The demand for petroleum products is growing steadily, and the credit profile of oil marketing companies (OMCs) is expected to remain stable in FY25. Refining capacity in India is expected to increase by 24 million tonnes per annum by FY26, driven by stable demand for petroleum products. Upstream companies will benefit from elevated crude oil prices, with the government expected to adjust excise duty rates to maintain profitability for companies.


The Story of Oil Marketing Companies in FY25

Hey there! Let’s talk a little bit about the oil and gas sector for FY25. According to Bhanu Patni, Associate Director at India Ratings and Research (Ind-Ra), the credit profile of oil marketing companies (**OMCs**) is set to stay strong. Why, you ask? Well, the demand for petroleum products is on the rise, gross refining margins (**GRMs**) are holding up well, and oil and gas production is increasing. Sounds like a pretty solid combination, right?

Despite the ups and downs in crude prices, OMCs have managed to keep retail prices relatively stable, ensuring steady margins. This smart move has allowed them to enjoy higher margins during some periods, making up for any lower margins or losses at other times.

Brent futures have seen some fluctuations too, dropping from a high above $91 per barrel to around $83. But with concerns about Middle East conflicts easing and softer market sentiment affecting prices, it’s all part of the oil market’s natural ebb and flow.

Expanding Refining Capacity

Guess what? India is gearing up to add 24 million tonnes per annum (mtpa) of crude oil refining capacity in the next couple of years. The current capacity is almost 257 mt, or 5.02 million barrels per day. With the stable demand for petroleum products in India, refinery capacity expansion is a must. The plan is to add a total of 24 MTPA by FY26.

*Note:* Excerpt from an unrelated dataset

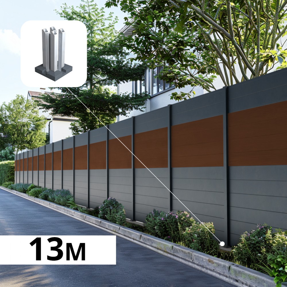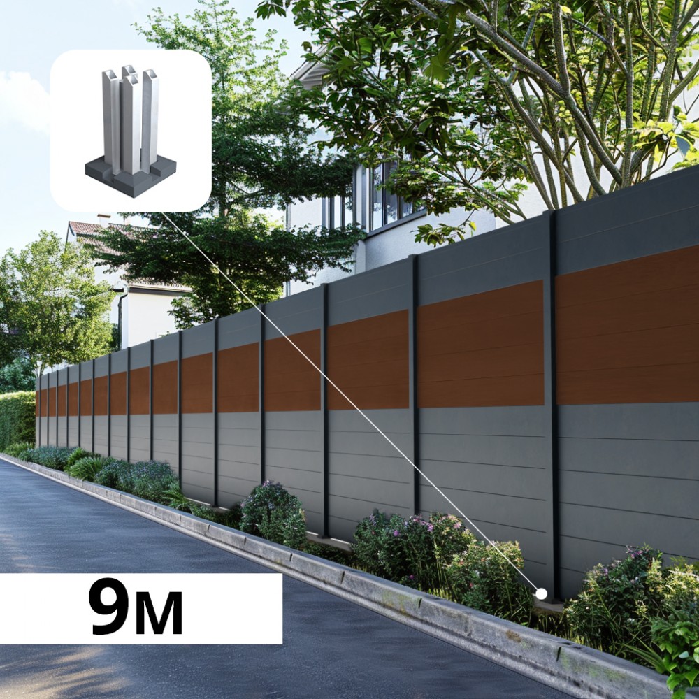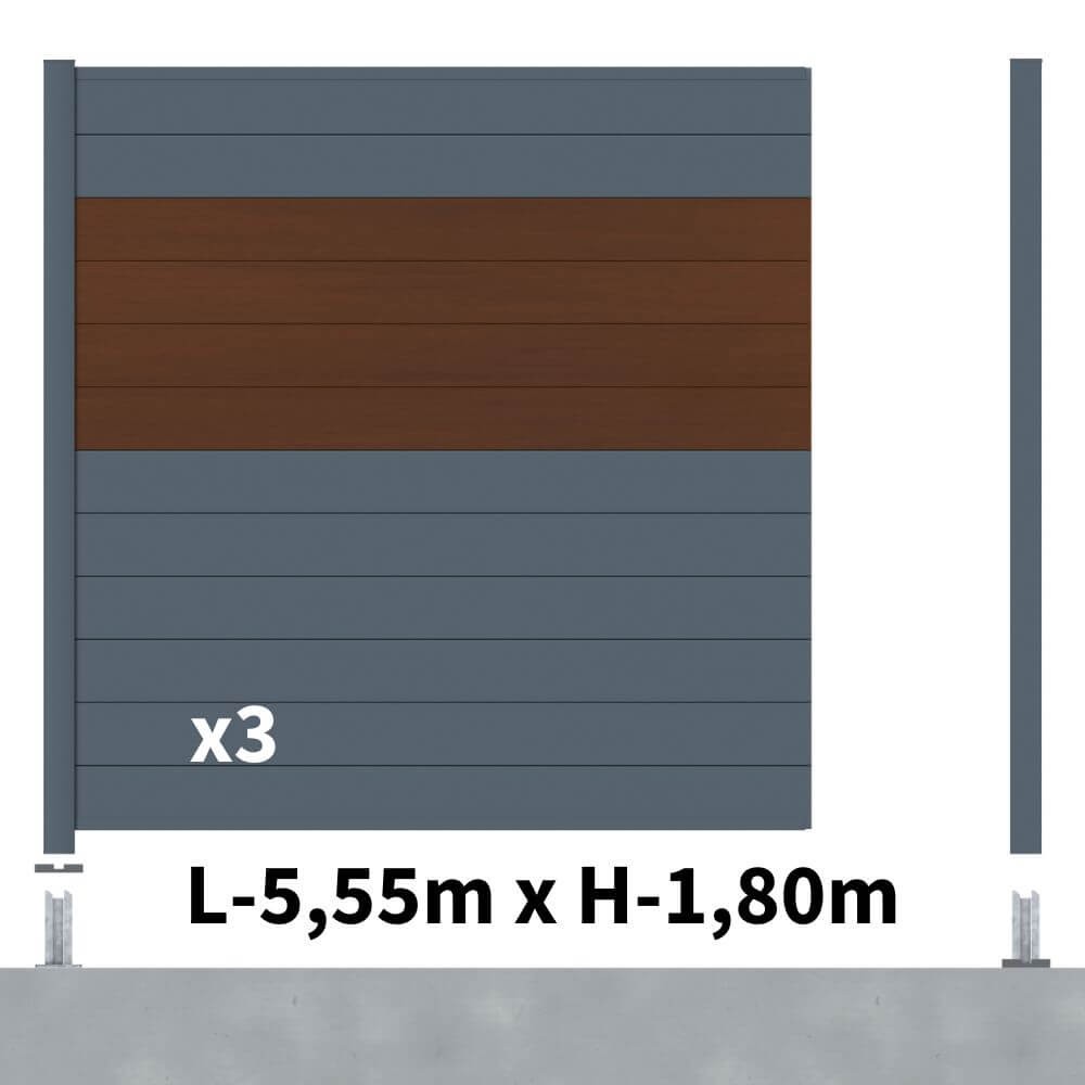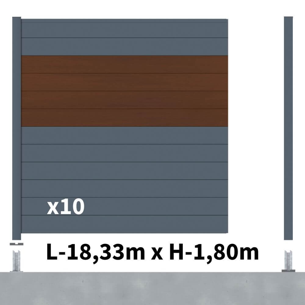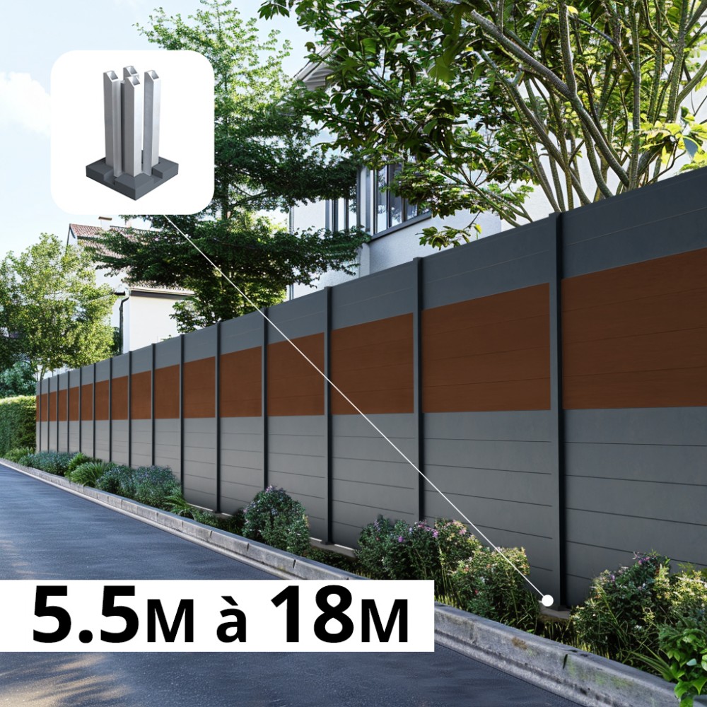 Optez pour le kit clôture aluminium poteau sur platines - BAHIA & CRUZ Ipé H-1,8m, un ensemble complet pour délimiter votre extérieur avec style. Disponible dans des longueurs de 5,55 à 18,33 mètres, ce kit comprend :

Increased sales of automobiles, higher investments in road infrastructure, and a robust economy are all contributing to the growing demand for petrol and diesel. This, along with exports, calls for more refining capacity to meet the needs of the market.

Did you know that diesel and petrol make up over half of the petroleum products consumed in India? In FY24, India processed 5.24 mb/d of crude, showing a steady increase over the years.

Looking at Upstream Companies

Upstream companies are also in for a good run, thanks to higher crude oil prices driven by geopolitical conflicts and production cuts by OPEC+ countries. According to Ind-Ra, the government of India is expected to adjust special additional excise duty rates to ensure a net realization level of $70-80 per barrel. This move, combined with increased production of crude and natural gas, is set to boost the EBITDA for upstream oil and gas companies in India.

So, it looks like the oil and gas sector, especially the OMCs and upstream companies, have some exciting developments in store for FY25. Keep an eye on these players as they navigate the ever-changing landscape of the energy market!